Privacy vs. openness
I believe in privacy rights when it comes to modern technology and data science models, especially when the models are dealing with things like email or health records. It makes sense, for example, that the data itself is not made public when researchers study diseases and treatments.
The IRB rules deal with questions like whether the study participants have agreed to let their data be shared if the data is first anonymized. But the crucial question is whether it’s really possible to anonymize data at all.
It turns out it’s not that easy, especially if the database is large. There have been famous cases (Netflix prize) where people have been identified even though the data was “anonymized.”
On the other hand, we don’t want people creating and running with secret models with the excuse that they are protecting people’s privacy. First, because the models may not work: we want scientific claims to be substantiated by retesting, for example (this was the point of Gelman’s post). But also we generally want a view into how people are using personal information about people.
Most modeling going on nowadays involving personal information is probably not fueled by academic interest in curing diseases, but rather how to sell stuff and how to monitor people.
As two examples, this Bloomberg article describes how annoyed people get when they are being tracked while they’re shopping in malls, even though the actual intrusiveness of the tracking is arguably much worse when people shop online, and this Wall Street Journal article describes the usage of French surveillance systems in the Gadhafi regime.
I think we should separate two issues here, namely the model versus the data. In the cases of public surveillance, like at the mall or online, or something involving public employees, I think people should be able to see how their data is being used even if the entire database is being kept out of their view. This way nobody can say their privacy is being invaded.
For example, if the public school system uses data from students and teachers to score the value added of teaching, then the teachers should have access to the model being used to score them. In particular this would mean they’d be able to see how their score would have changed if certain of their attributes changed, like which school they teach at or how many kids are in their class.
It is unlikely that private companies would be happy to expose the models they use to sell merchandise or clicks.
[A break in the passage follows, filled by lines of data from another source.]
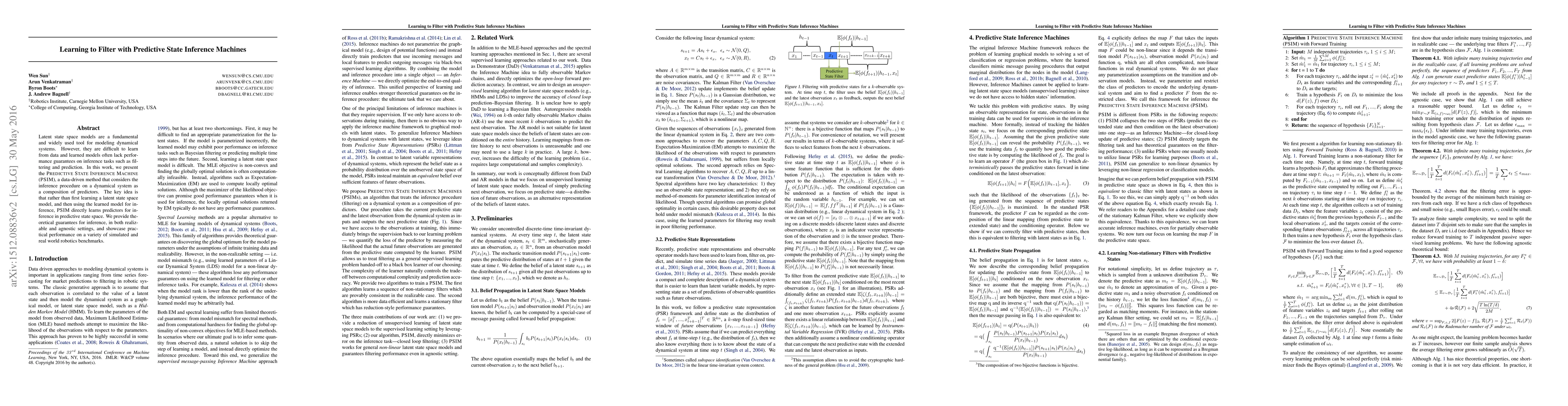 This paper introduces the PREDICTIVE STATE INFERENCE MACHINE (PSIM), a data-driven method that directly learns predictors for inference in predictive state space, bypassing the traditional latent state space model learning. It provides theoretical guarantees for inference and demonstrates practical performance on robotics benchmarks.
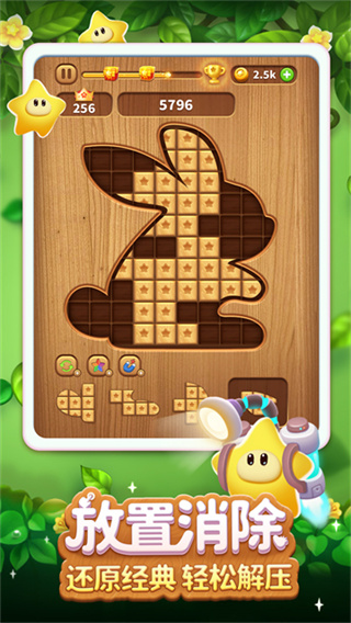 3、更有增加消除难度的完美消除玩法——萌星解谜,关卡内星星摆放成各种不同的可爱造型,造型虽可爱想要消除却需要玩家开动脑筋
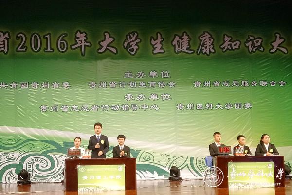 4月26日,由共青团贵州省委、贵州省计划生育协会、贵州省志愿服务联合会主办,贵州省志愿者行动指导中心和永利官网团委承办的贵州省2016年大学生健康知识大赛在永利官网南校区大礼堂举行。团省委副书记、省志愿服务联合会副会长兼秘书长徐锡广,省计生协秘书长刘体辉,永利官网党委副书记战勇,省志愿者行动指导中心主任、省志愿服务联合会副秘书长邓守成以及省计生协群工部部长向勇等出席活动并为获奖代表队颁奖,校团委全体干部和1000余名同学到场观看。
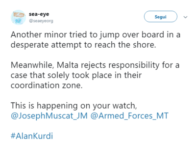 “Un altro minorenne ha tentato di saltar giù dalla nave nel disperato tentativo di raggiungere la costa”, si legge su Twitter. Mentre l’Italia cerca di uscire da una complessa crisi di governo, sembra che Malta abbia al momento rifiutato ogni responsabilità. Il tweet di Sea Eye si conclude con un appello al primo ministro maltese, Joseph Muscat e alle forze armate dell’isola: “Questo sta succedendo sotto i vostri occhi”.
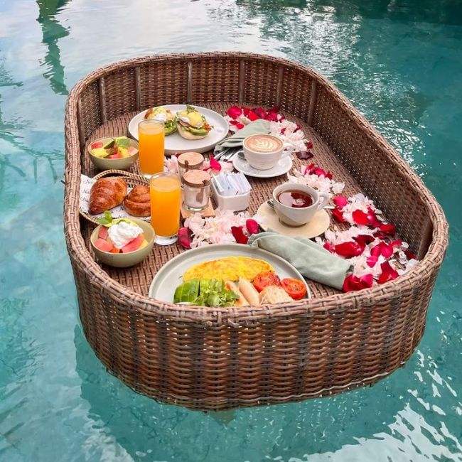 Bandeja Flotante de Ratán de Alta Calidad 2026 para Servir en Fiestas en la Piscina y Exhibición Fotográfica, Artesanía Premium, Superficie Segura
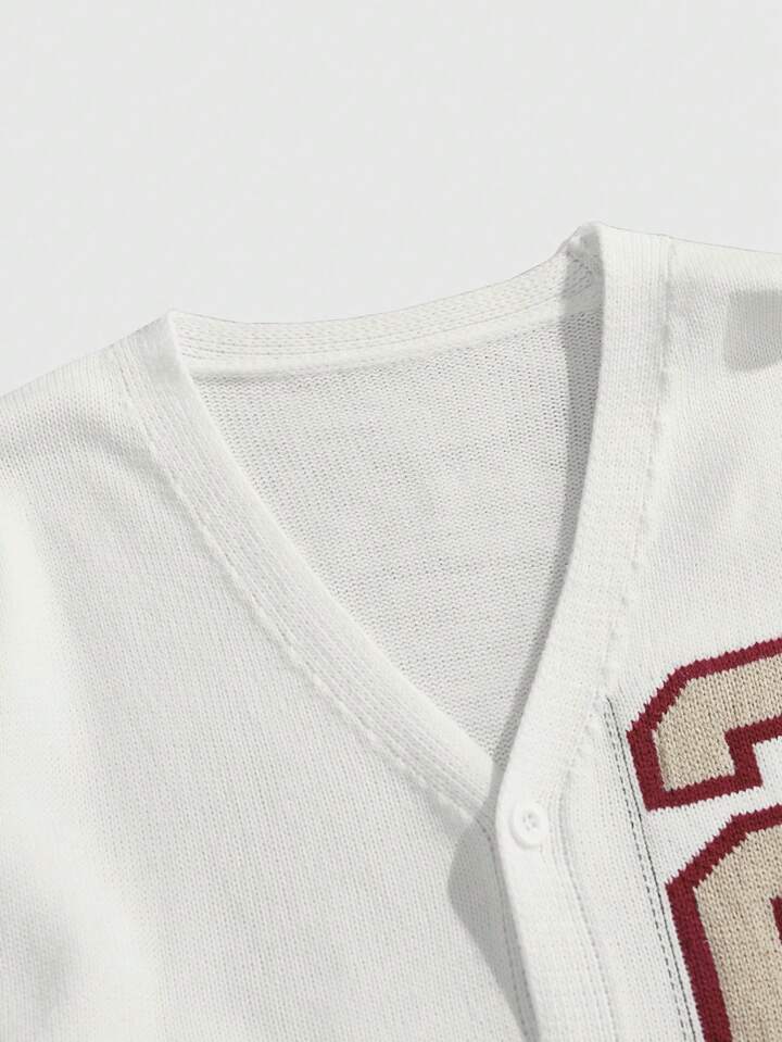 Street Life Men's Letter Jacquard V-Neck Long Sleeve Casual Cardigan With Pocket, Suitable For Everyday Wear
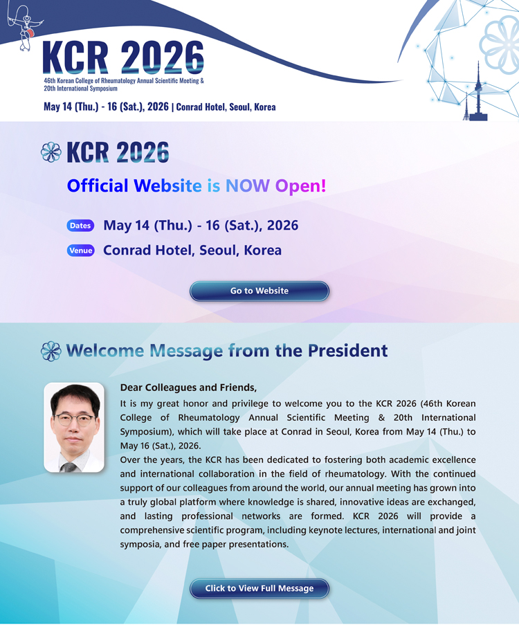 [대한류마티스학회] 제46차 대한류마티스학회 학술대회 및 제20차 국제심포지엄 (5/14(목)~16(토), 콘래드호텔)
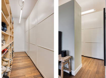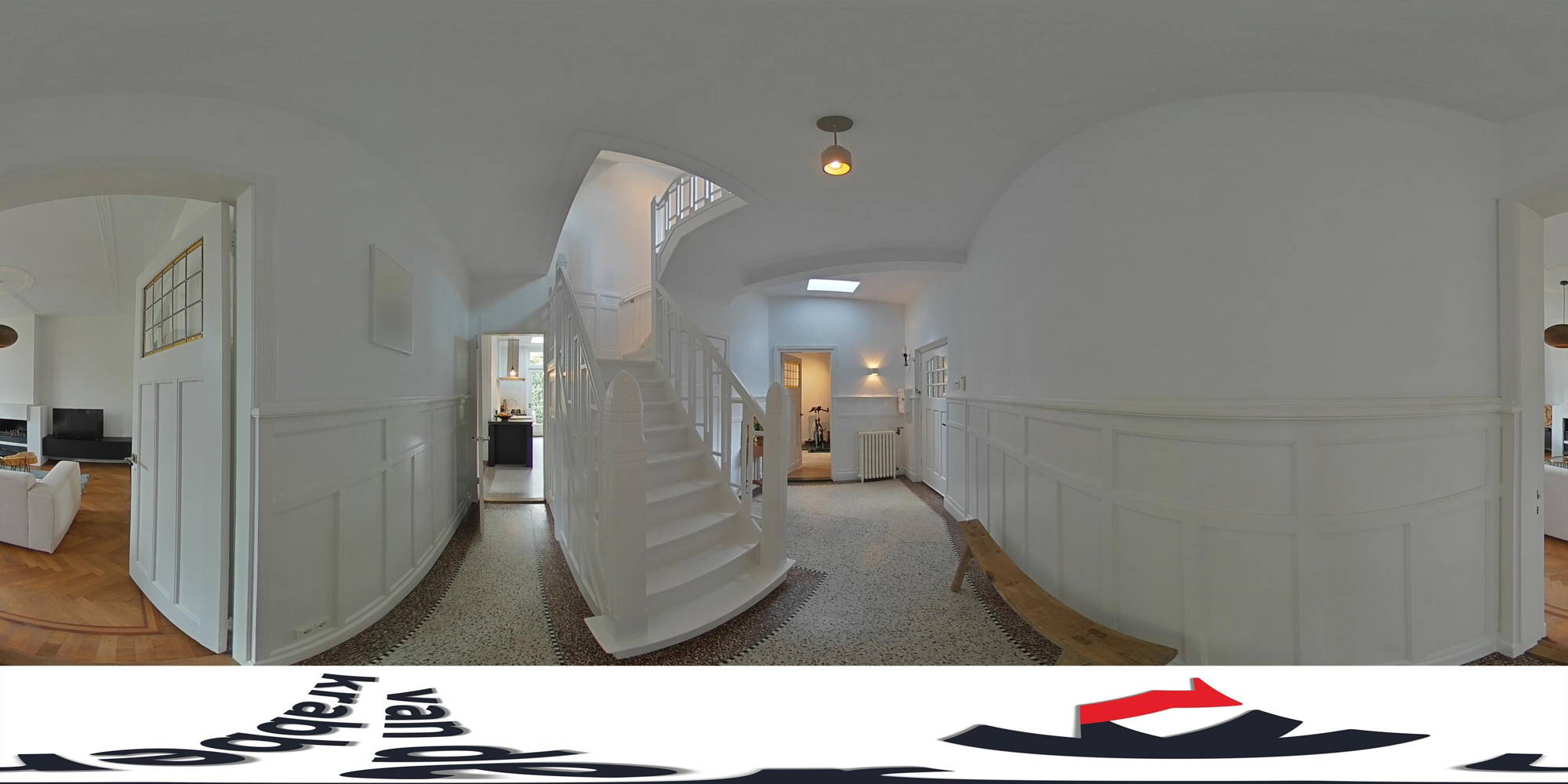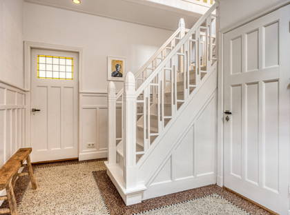 De entree vormt het centrale hart van de woning en geeft toegang tot de living, keuken, toiletruimte en de voormalige garage. De hal is ruim en stijlvol met een originele terrazzo vloer en een statige trap als blikvanger. De extra ruimte van de voormalige garage is multifunctioneel en kan uitstekend worden gebruikt als kantoor, praktijkruimte of atelier.
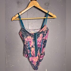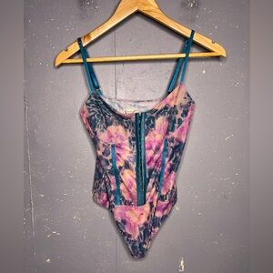 Pair this number with your favorite high-waisted jeans. Experience the elegance of Free People's Printed Night Rhythm Body Suit in the captivating Blue Lagoon floral print. This bodysuit features adjustable spaghetti straps, contrast seams, and a sweetheart neckline, enhancing its corset-inspired allure. Crafted from soft polyester mesh with seamed cups, it ensures a formfitting silhouette and a thong bottom for a seamless look. Closure: Hook-and-eye front closures. Care: Machine wash for easy maintenance.
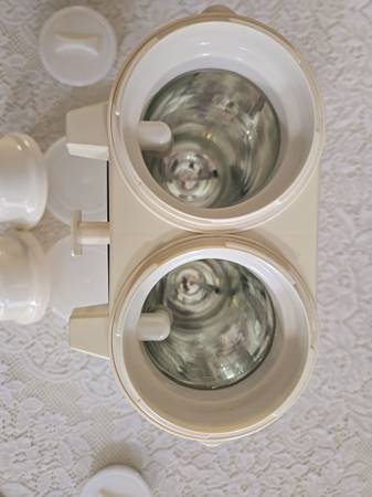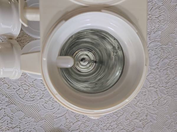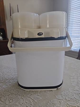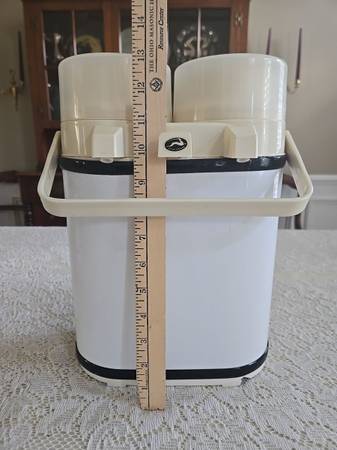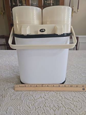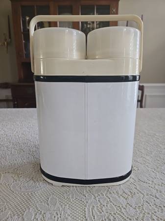 Kraftware dual hot/cold thermos with pump. Great for camping, picnics and entertaining. Good condition but see photos for cracked plastic around foot in front and back. Still sits level. Clean and...
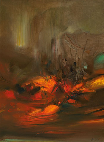 朱德群在1970年於荷蘭阿姆斯特丹的國立博物館欣賞了林布蘭特大展,深深著迷於大師作品裡的光影對比與隨之而起的激越情緒,自此朱德群更用心於光影的經營,為他的抽象繪畫注入了幽微神秘的光采,而1972年遊歷德國時於慕尼黑研究表現主義繪畫,也鼓歷藝術家更為瀟灑地抒發胸中心緒,俐落瀟灑的用筆,在藝術家精準的構圖之下展現流暢力道與美感,為其作品帶來更強大的感染力。《構成 No. 535》一作中,熾烈的橘紅自深沉的黑暗裡穿透而出,如燒紅的鐵塊、亦如地心熾熱的火焰;畫面上半部則以帶著低彩度的黃、綠與藍,蹤向刷出層層流動的薄彩,隱約如拔地而起的崎峻山嶺,亦如天際直射而下的光線,冷調的光影映襯著畫面下方水平動勢的橘與黑更顯熾熱,色彩與光影彼此碰撞、奔騰不息,既熱情又神秘。於是,時間在畫面裡流動,精神高度集中,冰與火的無盡變動在此相遇,清冷與熱烈的光芒相互映照,我們看見了天地萬物的偉大律動,亦感受到熾烈與冷靜共存的情感。朱德群在此畫中運用高超的明暗對比,流暢的筆觸揮灑深沉與清麗的色彩,戲劇性地捕捉了火光劃破漆黑的那一刻,宇宙萬象於瞬間幻化,引人入勝。於是我們見到,璀燦的生命力量於沉厚冥想的氛圍中顯現,如此恢宏且激越人心,在光與色彩流轉躍動的畫面之中,呈現了藝術家走遍千山萬水之後的壯闊與光明,而正是這般雄渾中帶有靈秀的氣質,構成了朱德群畫作的引人入勝之處。
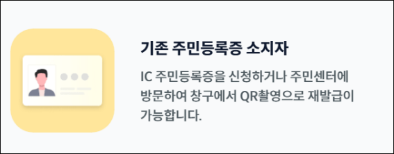 QR코드 기반 방식은 IC칩 신분증이 없는 이용자도 발급이 가능하도록 설계된 방식입니다. 다만, 이 방식은 초기 1회에 한해 주민센터 방문이 필요하며, 본인 확인 후 일회용 QR코드를 제공받아 앱에서 스캔하는 절차를 거칩니다.
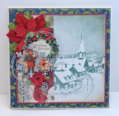 for the centerpiece of my card, i chose a very pretty illustration from one of my treasured ideals christmas magazines, which i've embellished with some new and digital products, and i'm quite pleased with the result:

If private companies don’t want to reveal their secret sauce, then one possibility is to make their modeling opt-in (rather than opt-out). By the way, right now you can opt out of most things online by consistently clearing your cookies.
I am being pretty extreme here in my suggestions, but even if we don’t go this far, I think it’s clear that we will have to consider these questions and many more questions like this soon. The idea that the online data modeling can be self-regulating is pretty laughable to me, especially when you consider how well that worked in finance. The kind of “stalker apps” that are popping up everywhere are very scary and very creepy to people who like the idea of privacy.
In the meantime we need some nerds to figure out a better way to anonymize data. Please tell me if you know of progress in that field.